PROBLEM DETAILS: The lines to output run from the first line of the entries below through the line containing "Après 2h20 de"; copy them exactly and leave out pictures.

Items listed in a dataset

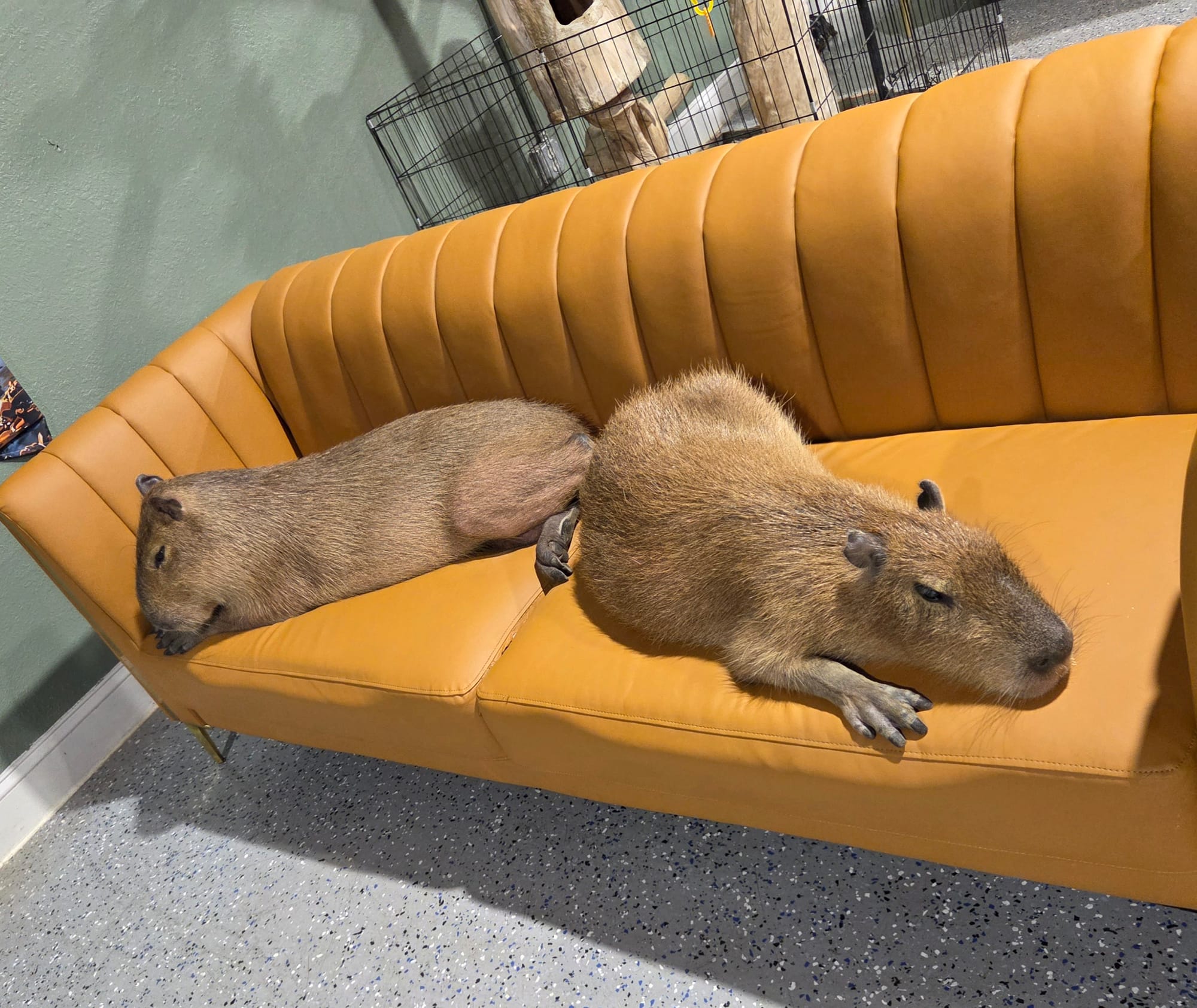 As we were leaving, we walked through the main lounge, where two capys commandeered an entire couch for themselves for napping, ferrets were trying to figure out how to get out of their enclosure, a tortoise walked slowly by two chairs occupied by small goats, and a little white and black rooster wandered around.
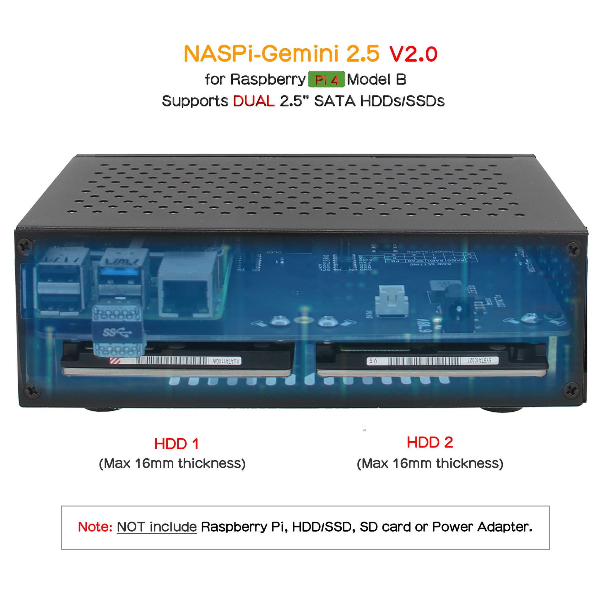 Geekworm NASPi Gemini 2.5 is an ultra-compact dual 2.5 inch SATA HDD/SSD NAS storage kit with safe shutdown, auto power on& RAID function that specially designed for Raspberry Pi 4 Model B computer, it allows two pcs 2.5" HDD/SSD to working at the same time with your Raspberry Pi 4. Also support use with one single 2.5" SATA HDD/SSD.
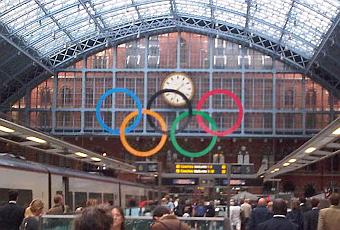 Après 2h20 de voyage en Eurostar dont 20 minutes sous la Manche (le plus dur, c'est de porter le masque et le tuba durant le passage sous le tunnel comme l'exigent les consignes de sécurité), me voici arrivé à Londres. Avec ces anneaux olympiques, je suis tout de suite dans l'ambiance des Jeux !
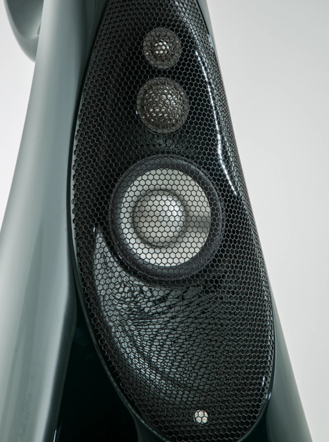 Les nouveaux C125-75 de médium inférieur fonctionnent entre 220 Hz et 880 Hz et ont également subi une refonte majeure. Bien que les anneaux de renforcement en fibre de carbone, utilisés pour élever la fréquence du premier mode de rupture dans tous les haut-parleurs à dôme Vivid Audio, aient été développés il y a plus de vingt ans par Dickie, ils ont maintenant été encore affinés, optimisés et brevetés. Vivid revendique une amélioration spectaculaire ici, affirmant que cela permet d’élever la fréquence de première rupture dans les C125-75 de 4,3 kHz à 10,5 kHz. De plus, le diamètre de la bobine mobile a également été augmenté d’environ 2 pouces à près de 3 pouces. Le panier et la structure du moteur ont également été agrandis pour accueillir le reste de la mise à niveau de conception, et il utilise une autre technologie signature de Vivid Audio, le Tapered Tube Loading.
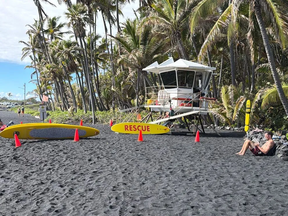 La playa es accesible para los visitantes que se desplacen en auto y está señalizada. Desde el Parque Nacional de los Volcanes, el trayecto toma entre 35 y 40 minutos por la Highway 11. Desde Kona, el viaje puede durar entre 1 hora y 35 minutos y 1 hora y 50 minutos. Desde Hilo, el tiempo estimado es de 1 hora y 20 minutos. El estacionamiento se encuentra junto a la playa y no requiere permiso. Se dispone de baños públicos, duchas y un área sombreada.
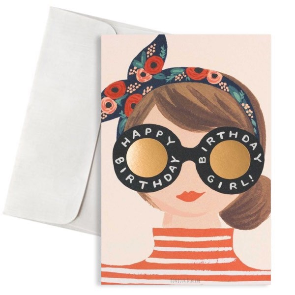 Κάρτα γενεθλίων με σχέδιο μοδάτο κορίτσι με γυαλιά, για να ευχηθείτε στα αγαπημένα σας άτομα Χρόνια Πολλά !
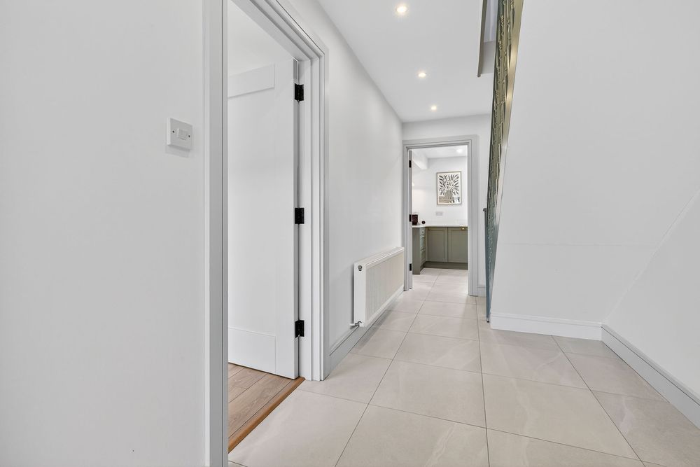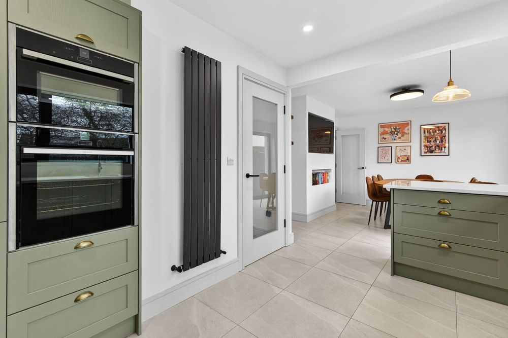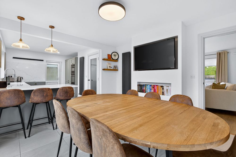 Finished with tiled flooring. It includes a fully fitted kitchen, a glazed internal door to the hallway for additional natural light and large glazed sliding doors opening from the dining area onto the rear patio with an attractive outlook over the private rear garden.
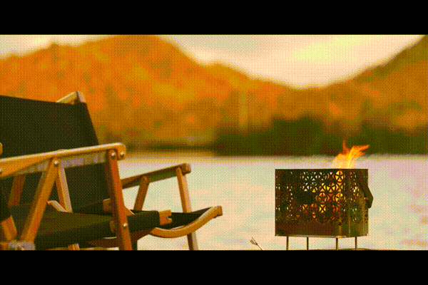 女性や子供でも片手で持ち運べる手軽なサイズと重量ながらも、調理器具を乗せて調理もできる強度と、シーンに応じて柔軟に姿を変える多機能焚き火台です。火を灯すと本体のデザインが幻想的に浮かび上がります。
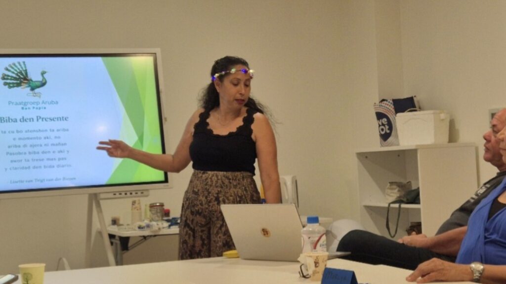 Recien mi tabata testigo di tres di e varios encuentronan cu señora Lissette van Trigt a tene na grup’i bishitante cu interes den su praatgroep presenta. E lugar tabata MFA Paradera, pero tambe ta uza MFA Noord y Savaneta. E temanan tabata eo. duna y ricibi compliment, me time y biba den presente.
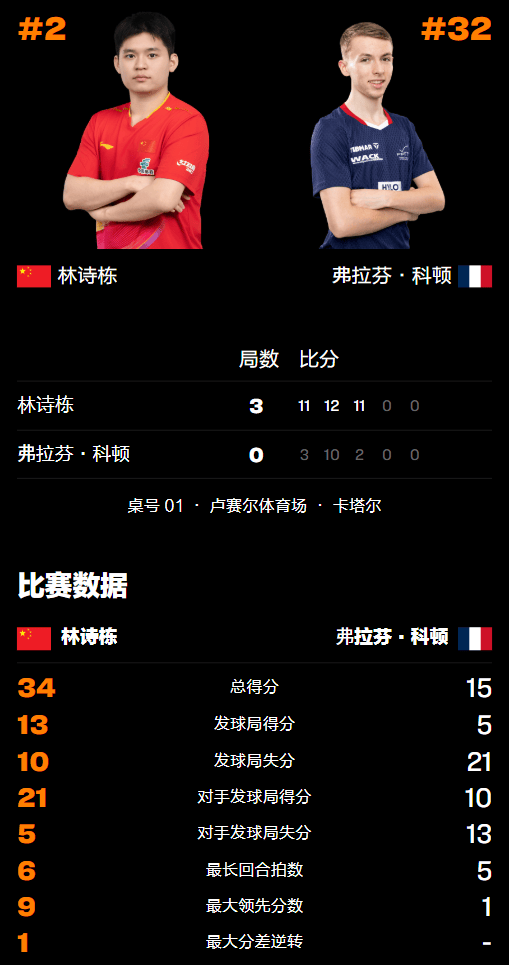 第三局林诗栋先得3分压制科顿,法国教练随即喊出暂停进行调整,但随后依旧不断失误丢分,林诗很快便以6-0、10-1领先并最终以11-2结束战斗,由此而强势锁定男单1/8决赛门票。
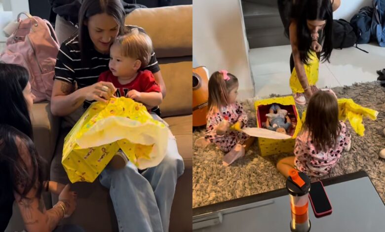 Zé Felipe encantou os seguidores nesta terça-feira (21/10) ao compartilhar um vídeo mostrando Ana Castela presenteando seus filhos, Maria Alice, Maria Flor e José Leonardo, frutos de seu relacionamento com Virginia Fonseca. Nos registros, é possível ver a cantora interagindo de forma afetuosa com as crianças, entregando brinquedos e ajudando-as a abrir os embrulhos.

THE COMPLETED TASK:
 As we were leaving, we walked through the main lounge, where two capys commandeered an entire couch for themselves for napping, ferrets were trying to figure out how to get out of their enclosure, a tortoise walked slowly by two chairs occupied by small goats, and a little white and black rooster wandered around.
 Geekworm NASPi Gemini 2.5 is an ultra-compact dual 2.5 inch SATA HDD/SSD NAS storage kit with safe shutdown, auto power on& RAID function that specially designed for Raspberry Pi 4 Model B computer, it allows two pcs 2.5" HDD/SSD to working at the same time with your Raspberry Pi 4. Also support use with one single 2.5" SATA HDD/SSD.
 Après 2h20 de voyage en Eurostar dont 20 minutes sous la Manche (le plus dur, c'est de porter le masque et le tuba durant le passage sous le tunnel comme l'exigent les consignes de sécurité), me voici arrivé à Londres. Avec ces anneaux olympiques, je suis tout de suite dans l'ambiance des Jeux !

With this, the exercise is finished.